Early Christian Gnostic text

The Treatise on the Resurrection is an ancient Gnostic or quasi-Gnostic Christian text which was found at Nag Hammadi, Egypt. It is also sometimes referred to as "The Letter to Rheginos" because it is a letter responding to questions about the resurrection posed by Rheginos, who may have been a non-Gnostic Christian.

==Background==

The main message of the treatise is that Christians should consider themselves already resurrected in a spiritual sense and that the resurrection is real, not just a metaphor. It asserts that Jesus "lived as flesh" and was "both human and divine." These statements imply that the author rejected docetism, an idea frequently found among the Gnostics. The text also says that Jesus "displayed himself as the Son of God."

==The Treatise==

Aside from these more orthodox characteristics, the text is otherwise Gnostic since it embraces typical Gnostic themes, such as the restoration of the pleroma, multiple divinities, aeons, predestination, and respect for Paul, whom it calls "The Apostle." As such, the text may have come from a quasi-Gnostic school which retained more orthodox interpretations concerning the nature of Christ.
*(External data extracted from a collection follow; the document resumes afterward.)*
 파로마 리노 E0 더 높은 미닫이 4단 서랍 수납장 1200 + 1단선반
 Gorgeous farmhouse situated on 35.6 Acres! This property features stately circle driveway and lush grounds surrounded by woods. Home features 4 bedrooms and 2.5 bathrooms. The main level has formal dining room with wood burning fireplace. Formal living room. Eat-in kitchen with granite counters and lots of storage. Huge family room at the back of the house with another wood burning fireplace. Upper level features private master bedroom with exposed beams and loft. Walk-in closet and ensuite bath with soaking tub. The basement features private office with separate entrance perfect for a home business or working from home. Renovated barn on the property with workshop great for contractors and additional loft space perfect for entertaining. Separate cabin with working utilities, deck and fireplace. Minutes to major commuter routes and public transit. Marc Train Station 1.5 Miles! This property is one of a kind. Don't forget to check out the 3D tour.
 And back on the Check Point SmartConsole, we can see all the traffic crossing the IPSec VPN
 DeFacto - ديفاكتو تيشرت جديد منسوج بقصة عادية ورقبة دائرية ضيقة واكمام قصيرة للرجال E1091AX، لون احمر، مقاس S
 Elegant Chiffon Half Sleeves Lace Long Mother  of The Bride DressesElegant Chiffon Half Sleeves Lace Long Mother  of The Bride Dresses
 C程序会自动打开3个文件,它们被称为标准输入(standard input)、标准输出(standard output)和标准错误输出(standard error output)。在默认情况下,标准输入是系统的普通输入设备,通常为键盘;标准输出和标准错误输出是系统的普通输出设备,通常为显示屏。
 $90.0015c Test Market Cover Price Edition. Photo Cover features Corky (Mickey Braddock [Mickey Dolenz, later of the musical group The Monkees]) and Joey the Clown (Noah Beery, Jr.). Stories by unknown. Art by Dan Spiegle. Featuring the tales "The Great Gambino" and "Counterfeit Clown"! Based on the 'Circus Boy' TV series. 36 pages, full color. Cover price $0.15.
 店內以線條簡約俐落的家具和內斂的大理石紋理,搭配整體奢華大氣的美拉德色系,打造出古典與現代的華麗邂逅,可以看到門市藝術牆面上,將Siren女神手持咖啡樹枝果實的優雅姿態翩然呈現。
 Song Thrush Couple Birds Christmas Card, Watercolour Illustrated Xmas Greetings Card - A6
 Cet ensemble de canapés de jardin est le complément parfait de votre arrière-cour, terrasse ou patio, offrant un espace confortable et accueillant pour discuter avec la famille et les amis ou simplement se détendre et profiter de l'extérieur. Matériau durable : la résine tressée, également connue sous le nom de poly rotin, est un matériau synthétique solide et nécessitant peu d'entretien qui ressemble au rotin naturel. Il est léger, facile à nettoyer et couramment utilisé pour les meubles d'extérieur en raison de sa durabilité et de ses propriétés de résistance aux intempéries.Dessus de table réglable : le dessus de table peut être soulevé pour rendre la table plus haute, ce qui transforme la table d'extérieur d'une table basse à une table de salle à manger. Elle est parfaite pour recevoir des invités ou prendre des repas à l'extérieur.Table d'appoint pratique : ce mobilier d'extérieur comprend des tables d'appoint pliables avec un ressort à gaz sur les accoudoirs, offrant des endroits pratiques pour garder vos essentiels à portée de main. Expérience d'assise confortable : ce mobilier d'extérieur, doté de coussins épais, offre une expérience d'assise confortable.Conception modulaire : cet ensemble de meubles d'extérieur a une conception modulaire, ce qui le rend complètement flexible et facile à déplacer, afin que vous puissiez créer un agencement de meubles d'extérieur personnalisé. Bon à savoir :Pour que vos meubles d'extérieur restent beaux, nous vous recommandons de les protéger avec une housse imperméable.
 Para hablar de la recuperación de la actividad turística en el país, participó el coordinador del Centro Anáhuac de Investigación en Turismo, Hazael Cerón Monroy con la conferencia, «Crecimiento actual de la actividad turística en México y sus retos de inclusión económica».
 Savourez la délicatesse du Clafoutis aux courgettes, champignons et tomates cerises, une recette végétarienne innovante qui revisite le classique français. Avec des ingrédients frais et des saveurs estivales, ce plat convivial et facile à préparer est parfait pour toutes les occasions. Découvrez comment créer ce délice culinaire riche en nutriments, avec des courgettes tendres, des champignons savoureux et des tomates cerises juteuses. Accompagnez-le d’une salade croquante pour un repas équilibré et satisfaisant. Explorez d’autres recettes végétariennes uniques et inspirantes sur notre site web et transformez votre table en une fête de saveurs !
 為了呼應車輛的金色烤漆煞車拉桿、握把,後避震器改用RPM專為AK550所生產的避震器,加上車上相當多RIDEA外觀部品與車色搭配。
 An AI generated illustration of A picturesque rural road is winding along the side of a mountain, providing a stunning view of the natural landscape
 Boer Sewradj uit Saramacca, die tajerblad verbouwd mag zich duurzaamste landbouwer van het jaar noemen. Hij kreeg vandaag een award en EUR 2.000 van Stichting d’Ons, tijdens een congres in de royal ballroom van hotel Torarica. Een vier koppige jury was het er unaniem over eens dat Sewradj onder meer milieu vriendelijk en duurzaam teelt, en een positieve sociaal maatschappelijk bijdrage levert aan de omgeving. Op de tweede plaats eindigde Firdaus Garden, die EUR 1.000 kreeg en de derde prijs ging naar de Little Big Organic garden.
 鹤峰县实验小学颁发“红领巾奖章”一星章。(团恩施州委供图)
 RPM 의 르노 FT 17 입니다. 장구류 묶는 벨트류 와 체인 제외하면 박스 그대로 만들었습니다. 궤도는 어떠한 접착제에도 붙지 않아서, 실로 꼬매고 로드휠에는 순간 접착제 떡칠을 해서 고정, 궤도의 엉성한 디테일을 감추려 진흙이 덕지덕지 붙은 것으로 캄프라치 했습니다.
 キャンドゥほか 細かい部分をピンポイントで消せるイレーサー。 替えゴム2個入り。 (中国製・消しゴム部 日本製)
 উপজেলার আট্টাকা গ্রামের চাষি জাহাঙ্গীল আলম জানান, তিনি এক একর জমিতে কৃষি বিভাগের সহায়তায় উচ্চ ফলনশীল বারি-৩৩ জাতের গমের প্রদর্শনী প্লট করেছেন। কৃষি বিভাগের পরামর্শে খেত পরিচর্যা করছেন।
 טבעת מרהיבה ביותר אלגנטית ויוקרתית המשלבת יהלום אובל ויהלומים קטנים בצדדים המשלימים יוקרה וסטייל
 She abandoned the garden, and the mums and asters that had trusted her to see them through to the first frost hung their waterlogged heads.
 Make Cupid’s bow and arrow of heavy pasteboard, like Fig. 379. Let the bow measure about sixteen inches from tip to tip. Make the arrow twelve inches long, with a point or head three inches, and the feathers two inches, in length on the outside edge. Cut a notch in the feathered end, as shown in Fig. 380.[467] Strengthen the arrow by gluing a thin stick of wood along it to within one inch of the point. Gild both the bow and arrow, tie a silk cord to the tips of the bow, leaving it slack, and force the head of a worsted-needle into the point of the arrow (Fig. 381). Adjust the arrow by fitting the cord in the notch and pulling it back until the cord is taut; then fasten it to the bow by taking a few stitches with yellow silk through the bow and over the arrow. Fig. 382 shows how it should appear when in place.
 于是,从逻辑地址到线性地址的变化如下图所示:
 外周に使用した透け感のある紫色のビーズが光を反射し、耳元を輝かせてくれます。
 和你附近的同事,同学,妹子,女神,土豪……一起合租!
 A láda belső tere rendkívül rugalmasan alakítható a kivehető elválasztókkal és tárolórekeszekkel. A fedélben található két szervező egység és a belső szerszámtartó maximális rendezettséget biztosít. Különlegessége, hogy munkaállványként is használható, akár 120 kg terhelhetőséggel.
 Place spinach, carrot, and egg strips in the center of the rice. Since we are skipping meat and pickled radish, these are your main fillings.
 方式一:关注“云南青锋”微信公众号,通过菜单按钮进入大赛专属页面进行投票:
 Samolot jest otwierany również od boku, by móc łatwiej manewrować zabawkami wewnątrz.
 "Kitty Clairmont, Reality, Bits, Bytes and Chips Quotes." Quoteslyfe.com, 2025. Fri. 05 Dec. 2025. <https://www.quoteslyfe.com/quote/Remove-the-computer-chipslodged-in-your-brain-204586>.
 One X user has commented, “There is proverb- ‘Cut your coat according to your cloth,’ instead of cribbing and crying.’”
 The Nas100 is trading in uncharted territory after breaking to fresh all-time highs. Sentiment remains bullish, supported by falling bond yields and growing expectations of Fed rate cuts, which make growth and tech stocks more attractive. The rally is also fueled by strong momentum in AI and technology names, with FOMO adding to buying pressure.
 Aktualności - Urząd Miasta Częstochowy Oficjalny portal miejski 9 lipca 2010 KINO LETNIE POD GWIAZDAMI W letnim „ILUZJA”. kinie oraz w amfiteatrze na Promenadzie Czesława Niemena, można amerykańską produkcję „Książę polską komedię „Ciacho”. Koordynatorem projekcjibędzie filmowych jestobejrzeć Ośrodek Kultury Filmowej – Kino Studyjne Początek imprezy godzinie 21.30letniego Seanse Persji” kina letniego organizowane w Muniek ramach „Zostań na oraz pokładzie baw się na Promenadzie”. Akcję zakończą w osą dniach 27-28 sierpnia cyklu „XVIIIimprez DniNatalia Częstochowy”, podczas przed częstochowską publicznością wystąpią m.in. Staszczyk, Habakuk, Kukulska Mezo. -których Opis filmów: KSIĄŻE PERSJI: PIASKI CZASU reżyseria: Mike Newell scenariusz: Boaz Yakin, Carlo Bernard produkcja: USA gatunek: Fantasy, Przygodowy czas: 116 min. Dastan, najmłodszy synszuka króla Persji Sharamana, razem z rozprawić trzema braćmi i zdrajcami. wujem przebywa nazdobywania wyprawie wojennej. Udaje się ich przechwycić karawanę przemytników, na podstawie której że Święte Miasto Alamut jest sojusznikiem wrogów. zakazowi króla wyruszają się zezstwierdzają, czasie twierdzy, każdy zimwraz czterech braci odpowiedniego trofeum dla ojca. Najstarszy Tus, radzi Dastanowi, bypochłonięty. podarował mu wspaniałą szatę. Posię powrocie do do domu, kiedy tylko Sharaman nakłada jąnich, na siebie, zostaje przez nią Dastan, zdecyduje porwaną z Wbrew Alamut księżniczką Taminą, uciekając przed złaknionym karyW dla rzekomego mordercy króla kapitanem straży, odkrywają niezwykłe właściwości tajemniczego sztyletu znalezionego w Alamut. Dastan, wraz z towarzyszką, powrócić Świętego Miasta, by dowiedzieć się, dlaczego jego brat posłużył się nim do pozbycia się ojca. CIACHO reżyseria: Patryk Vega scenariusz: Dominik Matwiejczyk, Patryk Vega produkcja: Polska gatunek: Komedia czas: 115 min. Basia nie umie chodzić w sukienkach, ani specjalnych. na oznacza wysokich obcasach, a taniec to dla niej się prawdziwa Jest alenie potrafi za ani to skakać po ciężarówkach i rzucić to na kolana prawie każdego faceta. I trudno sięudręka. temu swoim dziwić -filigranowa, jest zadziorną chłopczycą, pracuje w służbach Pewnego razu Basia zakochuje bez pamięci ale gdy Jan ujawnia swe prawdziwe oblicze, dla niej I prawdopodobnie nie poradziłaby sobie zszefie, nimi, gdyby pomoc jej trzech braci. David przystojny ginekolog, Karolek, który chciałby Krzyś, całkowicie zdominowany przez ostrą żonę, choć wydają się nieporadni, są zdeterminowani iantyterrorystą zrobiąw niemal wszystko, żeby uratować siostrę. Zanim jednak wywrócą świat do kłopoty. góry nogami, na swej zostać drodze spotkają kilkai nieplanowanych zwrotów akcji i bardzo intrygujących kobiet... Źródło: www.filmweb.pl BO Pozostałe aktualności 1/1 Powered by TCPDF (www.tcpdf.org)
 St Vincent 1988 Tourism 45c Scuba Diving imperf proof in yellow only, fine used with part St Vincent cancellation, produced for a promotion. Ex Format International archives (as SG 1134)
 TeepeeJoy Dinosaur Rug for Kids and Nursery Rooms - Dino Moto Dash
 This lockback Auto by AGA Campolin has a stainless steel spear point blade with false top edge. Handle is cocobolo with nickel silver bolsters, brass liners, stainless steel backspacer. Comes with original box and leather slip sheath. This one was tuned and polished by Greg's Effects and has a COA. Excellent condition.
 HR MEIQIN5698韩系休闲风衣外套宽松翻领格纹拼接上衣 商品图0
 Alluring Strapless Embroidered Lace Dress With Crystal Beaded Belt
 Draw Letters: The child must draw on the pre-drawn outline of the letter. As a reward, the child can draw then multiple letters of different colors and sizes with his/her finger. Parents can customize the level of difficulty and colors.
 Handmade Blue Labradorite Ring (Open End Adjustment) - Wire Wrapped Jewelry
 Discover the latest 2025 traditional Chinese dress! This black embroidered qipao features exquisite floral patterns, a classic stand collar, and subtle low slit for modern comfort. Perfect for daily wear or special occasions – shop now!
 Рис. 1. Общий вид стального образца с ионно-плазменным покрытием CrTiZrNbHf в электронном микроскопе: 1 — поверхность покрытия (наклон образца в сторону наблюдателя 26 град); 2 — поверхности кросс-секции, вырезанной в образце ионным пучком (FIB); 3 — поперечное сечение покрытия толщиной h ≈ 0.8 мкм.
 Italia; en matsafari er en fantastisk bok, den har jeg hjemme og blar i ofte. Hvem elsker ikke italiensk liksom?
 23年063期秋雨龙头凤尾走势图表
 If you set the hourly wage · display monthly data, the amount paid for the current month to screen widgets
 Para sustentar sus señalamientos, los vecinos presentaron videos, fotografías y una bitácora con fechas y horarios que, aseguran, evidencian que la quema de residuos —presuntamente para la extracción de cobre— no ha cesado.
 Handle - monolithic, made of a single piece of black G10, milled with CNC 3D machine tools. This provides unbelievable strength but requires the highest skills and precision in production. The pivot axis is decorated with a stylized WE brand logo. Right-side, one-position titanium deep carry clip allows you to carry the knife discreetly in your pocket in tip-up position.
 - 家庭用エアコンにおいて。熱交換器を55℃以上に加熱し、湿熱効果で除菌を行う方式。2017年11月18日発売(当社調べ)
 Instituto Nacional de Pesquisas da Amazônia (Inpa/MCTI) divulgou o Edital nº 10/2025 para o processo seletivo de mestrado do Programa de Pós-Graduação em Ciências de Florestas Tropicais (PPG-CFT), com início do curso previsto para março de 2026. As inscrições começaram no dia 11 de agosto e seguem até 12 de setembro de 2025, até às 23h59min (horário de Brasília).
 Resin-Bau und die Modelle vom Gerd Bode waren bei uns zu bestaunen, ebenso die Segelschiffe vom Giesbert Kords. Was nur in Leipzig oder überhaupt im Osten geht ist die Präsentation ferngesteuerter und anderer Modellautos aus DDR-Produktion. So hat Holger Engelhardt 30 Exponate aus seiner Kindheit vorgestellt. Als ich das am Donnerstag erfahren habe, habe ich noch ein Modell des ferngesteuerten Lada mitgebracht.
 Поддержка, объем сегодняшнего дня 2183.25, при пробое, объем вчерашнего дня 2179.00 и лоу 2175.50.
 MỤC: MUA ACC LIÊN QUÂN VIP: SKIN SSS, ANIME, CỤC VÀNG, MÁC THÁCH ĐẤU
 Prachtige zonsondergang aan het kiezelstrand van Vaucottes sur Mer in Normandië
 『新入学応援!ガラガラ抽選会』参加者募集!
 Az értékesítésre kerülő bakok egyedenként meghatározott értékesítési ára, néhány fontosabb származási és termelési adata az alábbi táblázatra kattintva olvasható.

The text is noticeably Christian in tone and is Jesus-centric to a greater degree than other texts found at Nag Hammadi. It alludes to the account of the Transfiguration found in the Gospel of Mark, saying, "Do you remember reading in the Gospel how Elijah and Moses appeared?" Hence, the text indicates that the author accepted Mark's synoptic gospel narrative as sacred.

Unlike many other texts found at Nag Hammadi, The Treatise on the Resurrection is not pseudepigraphical since the author does not pretend to be an apostolic figure who received a special revelation. The text is simply a letter to someone named Rheginos. It belongs to a genre more akin to the New Testament letters than the apocryphon typical of Gnostic pseudepigrapha.

The treatise contains a mix of proto-orthodox and gnostic views. This mixture is apparent in an excerpt regarding who Jesus was and his purpose. The excerpt states: "Now the Son of God, Rheginos, was Son of Man. He embraced them both, possessing the humanity and the divinity, so that on the one hand, he might vanquish death through his being Son of God, and that on the other, through the Son of Man, the restoration to the Pleroma might occur; because he was originally from above, a seed of the Truth because this structure (of the cosmos) had come into being. In this (structure), many dominions and divinities came into existence."

The concept that Jesus was both divine and human was part of the proto-orthodox view. However, the belief in the existence of many divinities and the Pleroma were both gnostic views that proto-orthodox Christians rejected. Accordingly, the idea that Jesus's purpose was to restore the Pleroma was also a gnostic belief.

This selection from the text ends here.